正如代码中所遵循的那样,方程非常简单,就像rate[0]=rate[1]=...=rate[6] rate[7]=0。我使用slove来获得解,但是rate[0]!=rate[1]=rate[2]=...虽然最正确,但是物理意义是完全错误的,这是不可接受的。rate[0]〜rate [6]必须相等。
我尝试了一些方法来提高准确性。
#convert float to symbols
kf_ = [symbols(str(k)) for k in kf_]
kb_= [symbols(str(k)) for k in kb_]
或
#convert float to decimal
kf_ = [Decimal(str(k)) for k in kf_]
kb_ = [Decimal(str(k)) for k in kb_]
但是它们都不起作用。
我在{{1}中使用matlab或solve中的vpasolve尝试了相同的代码。解决方案是正确的。但是由于某些原因,必须使用python来完成。
所以我的问题是如何提高准确性?
symbolic math tool boxrate [0]〜rate [7]的结果:
from sympy import symbols , solve
from decimal import Decimal
#coeffcients Some are very large ~ E13 , some are very small ~E-69
kf_= [804970533.1611289,
1.5474657692374676e-13,
64055206.72863516,
43027484.879109934,
239.58564380236825,
43027484.879109934,
0.6887097015872349,
43027484.879109934]
kb_=[51156022807606.22,
4.46863981338889e-18,
9.17599257631182,
8.862701377525092e-43,
4.203415587017237e-20,
2180151.4516747626,
5.590961781720337e-69,
0.011036598954049947]
#convert float to symbols , it takes quite a long time
#kf_ = [symbols(str(k)) for k in kf_]
#kb_= [symbols(str(k)) for k in kb_]
#or
#convert float to decimal
#kf_ = [Decimal(str(k)) for k in kf_]
#kb_ = [Decimal(str(k)) for k in kb_]
# define unkown
theta = list(symbols('theta1:%s' % (8 + 1)))
#define some expressions
rate=[0]*8
rate[0] = kf_[0] * theta[0] - kb_[0] * theta[1]

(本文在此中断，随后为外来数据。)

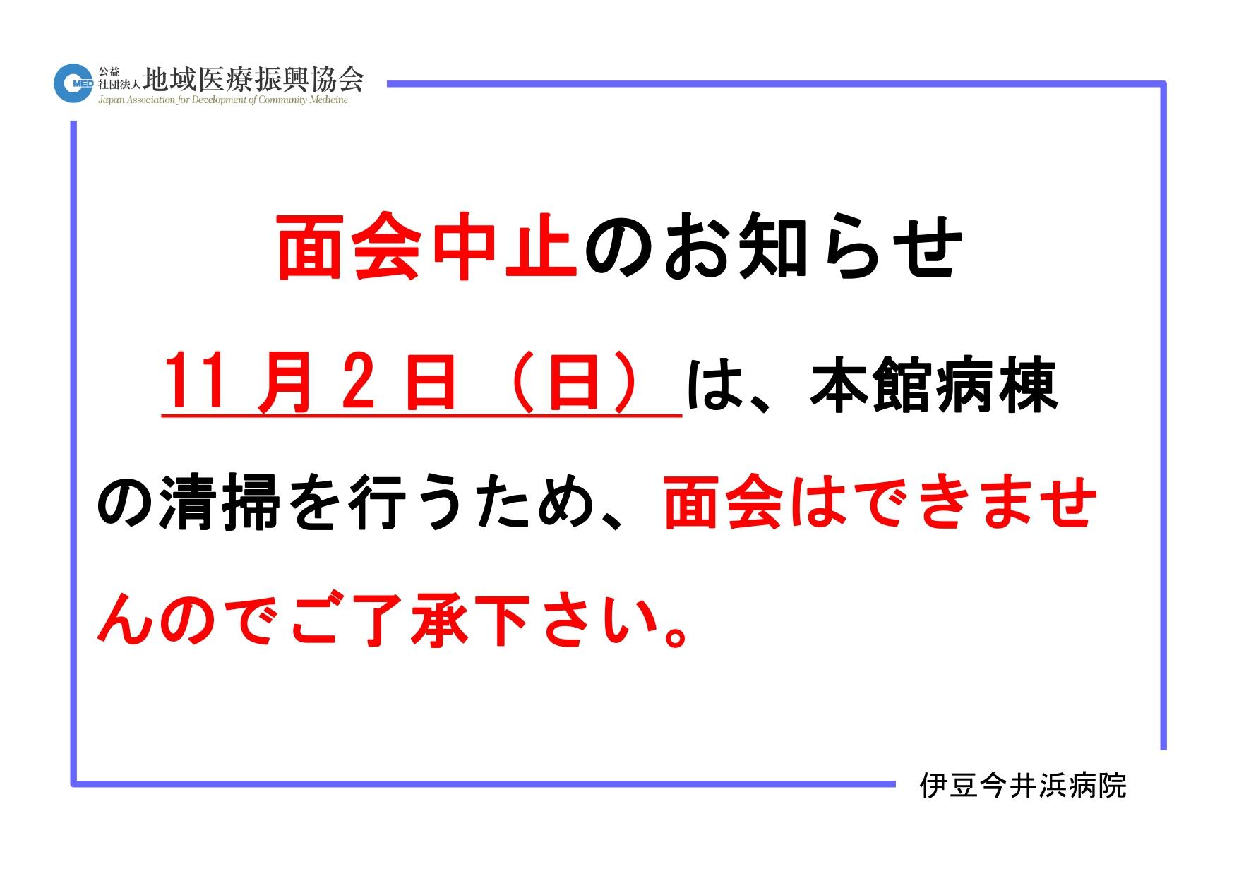 > 本館病棟 面会中止のお知らせ(11月2日)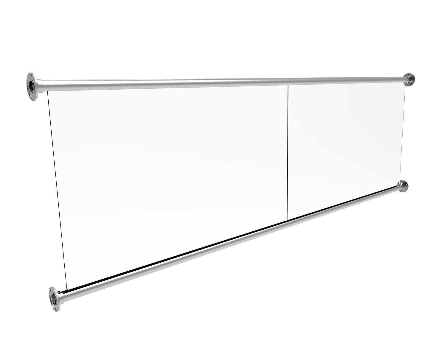 Sklenené zábradlie pre svojpomocnú montáž bez potreby zvárania. Materiály sú dodávané v štandardných dĺžkach, ktoré sú potrebné prispôsobiť reálnej stavebnej situácii. Montáž madla si vyžaduje navŕtanie závitov. Set neobsahuje kotviace závitové tyče a lepidlo.

rate[1] = kf_[1] * theta[1] - kb_[1] * theta[2]
rate[2] = kf_[2] * theta[2] - kb_[2] * theta[3]
rate[3] = kf_[3] * theta[3] - kb_[3] * theta[4]

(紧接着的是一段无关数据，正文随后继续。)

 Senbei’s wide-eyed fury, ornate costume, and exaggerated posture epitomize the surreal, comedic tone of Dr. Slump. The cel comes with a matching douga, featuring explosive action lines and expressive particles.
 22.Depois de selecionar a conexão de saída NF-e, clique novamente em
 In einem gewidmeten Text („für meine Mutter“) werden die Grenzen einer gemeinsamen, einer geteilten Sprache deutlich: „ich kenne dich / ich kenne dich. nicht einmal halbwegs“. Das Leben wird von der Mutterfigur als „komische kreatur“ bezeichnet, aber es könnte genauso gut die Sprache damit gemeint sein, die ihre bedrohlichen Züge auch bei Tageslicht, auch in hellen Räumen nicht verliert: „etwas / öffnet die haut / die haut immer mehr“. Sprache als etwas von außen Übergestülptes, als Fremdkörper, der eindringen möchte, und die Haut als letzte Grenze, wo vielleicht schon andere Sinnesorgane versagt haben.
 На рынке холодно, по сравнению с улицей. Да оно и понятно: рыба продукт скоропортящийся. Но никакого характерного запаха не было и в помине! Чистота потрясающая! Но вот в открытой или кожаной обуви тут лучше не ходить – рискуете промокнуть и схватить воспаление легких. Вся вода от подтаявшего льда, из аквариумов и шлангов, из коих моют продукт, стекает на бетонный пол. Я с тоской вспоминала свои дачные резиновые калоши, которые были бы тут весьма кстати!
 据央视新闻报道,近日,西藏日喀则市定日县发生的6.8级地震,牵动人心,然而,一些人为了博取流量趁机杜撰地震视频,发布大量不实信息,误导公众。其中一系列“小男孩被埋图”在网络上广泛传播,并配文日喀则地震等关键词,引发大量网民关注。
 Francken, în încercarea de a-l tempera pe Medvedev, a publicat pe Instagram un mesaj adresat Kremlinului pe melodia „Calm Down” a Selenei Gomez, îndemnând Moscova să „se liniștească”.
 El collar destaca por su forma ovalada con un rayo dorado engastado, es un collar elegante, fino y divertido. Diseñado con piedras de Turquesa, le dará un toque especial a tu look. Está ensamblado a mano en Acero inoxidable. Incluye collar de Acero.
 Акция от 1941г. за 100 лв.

rate[4] = kf_[4] * theta[4] - kb_[4] * theta[5]
rate[5] = kf_[5] * theta[5] - kb_[5] * theta[6]
rate[6] = kf_[6] * theta[6] - kb_[6] * theta[0]
rate[7] = kf_[7] * theta[0] - kb_[7] * theta[7]
print('\n'.join(str(r) for r in rate))
#euqations
fun=[0]*8
fun[0]=sum(theta)-1
fun[1]=rate[0]-rate[1]# The coefficients kb[0] (~E13 )and kf[1] (~E-13) are merged
fun[2] = rate[1] - rate[2]
fun[3] = rate[2] - rate[3]
fun[4] = rate[3] - rate[4]
fun[5] = rate[4] - rate[5]
fun[6] = rate[5] - rate[6]
fun[7] = rate[7]
#solve
solThetaT=solve(fun,theta)
#print(solThetaT)
theta_=[solThetaT[t] for t in theta]
#print(theta_)
rate_=[0]*8
for i in range(len(rate)):
rate_[i]=rate[i].subs(solThetaT)
print('\n'.join(str(r) for r in rate_))
#when convert float to symbols
#for r in rate_:
#print(eval(str(r)))
最严重的是rate [0]为负,rate [6]假定为零,具有最大的吸收值。
以及matlab中正确的解决方案
-1.11022302462516e-16
6.24587893889839e-28
6.24587893889839e-28
6.24587893889840e-28
6.24587893889840e-28
6.24587893222751e-28
6.24587895329296e-28
-3.81639164714898e-17
答案 0 :(得分:0)
为避免浮点运算的精度损失,请将给定的系数重铸为有理数。假设from sympy import Rational是通过
kf_ = [Rational(x) for x in kf_]
kb_ = [Rational(x) for x in kb_]
然后使用您必须的代码来求解系统并计算费率。要显示浮点数而不是庞大的有理数,请使用evalf方法:
print('\n'.join(str(r.evalf()) for r in rate_))
打印
6.24587893889840e-28
6.24587893889840e-28
6.24587893889840e-28
6.24587893889840e-28
6.24587893889840e-28
6.24587893889840e-28
6.24587893889840e-28
0
注意:SymPy文档建议将linsolve用于线性系统,但是您需要调整代码以处理linsolve的不同返回类型。
此外,具有数字系数的线性系统可以直接通过mpmath进行求解,该decodeURIComponent可以设置任意大的浮点计算精度。